Introduction
Taking Sides in Westworld

“Some people choose to see the ugliness in this world. The disarray. I choose to see the beauty” (“The Original”). These words, spoken by an actress playing Dolores, a being created and scripted by humans, encapsulate the complexity of Westworld. Dolores’s statement simultaneously challenges us to make sense of the series, and to make choices about how we think about the hosts, humans, and the world. Dolores says she chooses. But do we choose to believe her or not? The show calls for a response from viewers based on our own notion of what counts as choosing. We are thus reminded that a simple word such as “choice” has a meaning that, paradoxically, we might have to choose.

Beyond, the writing, acting, filming, composing, editing, and directing, is the forcing. Westworld brilliantly forces the viewer to take sides: Not just in terms of whether we’re rooting for the humans or the androids, or for the Man in Black or against him, but to take sides at a deeper level. Westworld forces viewers, for example, to say not just what we think about choice, but what we mean by the word choice. That is, we find ourselves agreeing and disagreeing about the notion of choice based on how “we” use the word. Yet by calling into question fundamental assumptions about what it means to be human, Westworld makes that very “we” unstable and uncertain.

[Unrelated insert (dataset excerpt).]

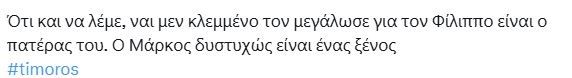 Ο Φίλιππος δεν τον άφησε. Τον πρόλαβε και τον έκανε να βρει ξανά τον εαυτό του και να σταθεί στα πόδια του. Αυτή η σκηνή ήταν μαχαίρι στην καρδιά και συγκίνησε τους τηλεθεατές που έτρεξαν να γράψουν σχόλια στο Χ.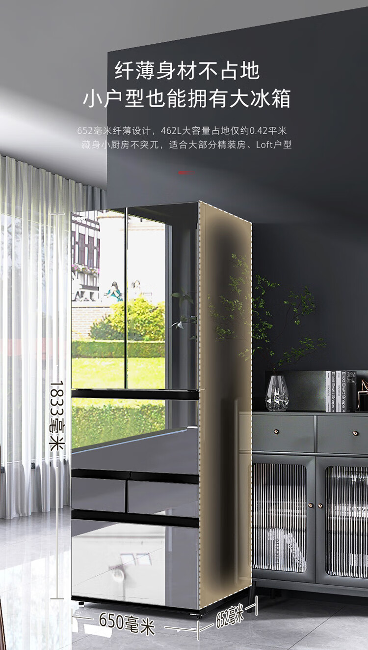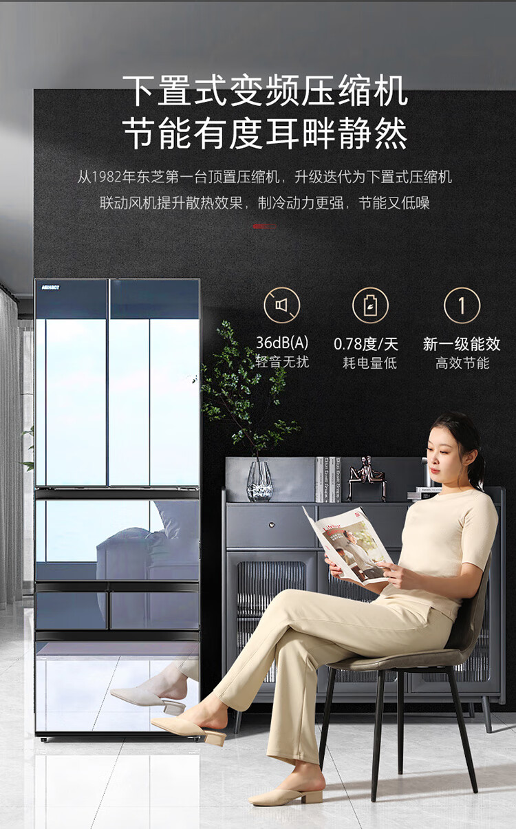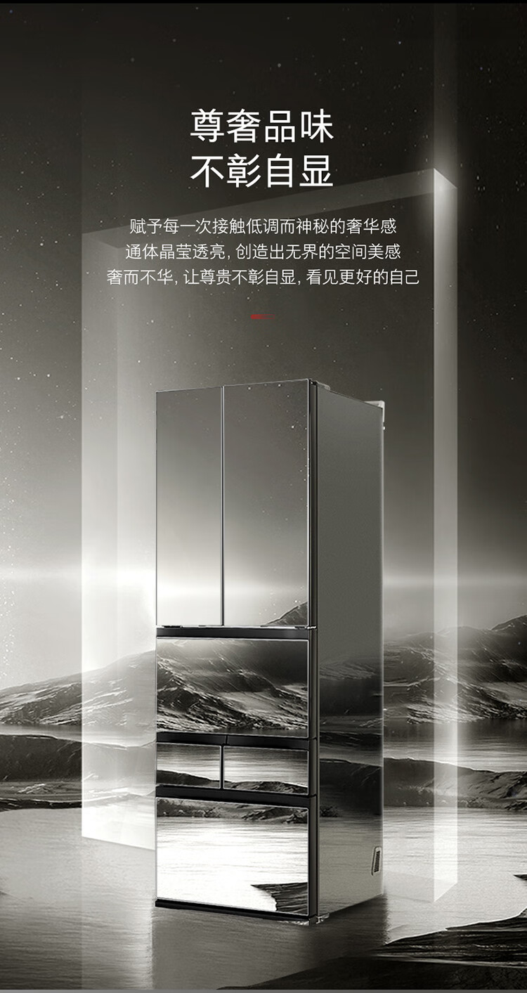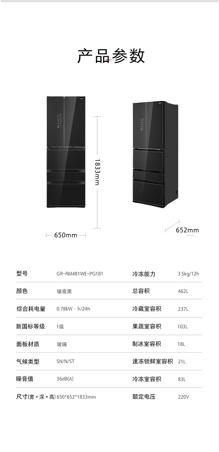 东芝(TOSHIBA)黑钻石481日式多门双系统循环镜面超薄一级能效六门家用自动制冰冰箱国家补贴GR-RM481WE-PG1B1

The chapters that follow in this book confront the reader in much the same way the show confronts the viewer. In the “brave new world” in which we cannot tell the difference between a human and host, the series continually requires us to check our assumptions at the door. As Robert Ford says, “’Cause you don’t want to change. Or cannot change. Because you’re only human, after all” (“The Bicameral Mind”). If you’ve accepted Westworld’s challenge, then you’re ready to explore fundamental questions about what it is to be a human in the world. We hope you enjoy reading the chapters and exploring the questions as much as we enjoyed editing the book.

A final note: One of the original co‐editors of the book was Susanne E. Foster. She died, unexpectedly, before the book was ready to be edited. But she was involved in the inception, invitation, and selection of the chapters. This volume belongs as much to her as it does to Kimberly and James. Susanne was someone deeply pained by the injustices she saw around her, especially environmental degradation, the continuing injustices done to Native Americans, and the mass slaughter of animals for human consumption. She still sought to see some beauty in this world, as Dolores does, but would also have agreed with Robert Ford’s words: “We murdered and butchered anything that challenged our primacy. Do you know what happened to the Neanderthals, Bernard? We ate them. We destroyed and subjugated our world” (“The Well‐Tempered Clavier”). In our many discussions about the show, we talked about an insight of Cora Diamond’s, namely that there can be “experiences in which we take something in reality to be resistant to our thinking it, or possibly to be painful in its inexplicability, difficult in that way, or perhaps awesome and astonishing in its inexplicability.” 1 Susanne saw the pain inherent in the questions Westworld raises, but also relished the idea of a group of philosophers addressing that pain and, in accord with her favorite philosopher, Aristotle, recognized that it is wonder and astonishment that prompts us to try to understand.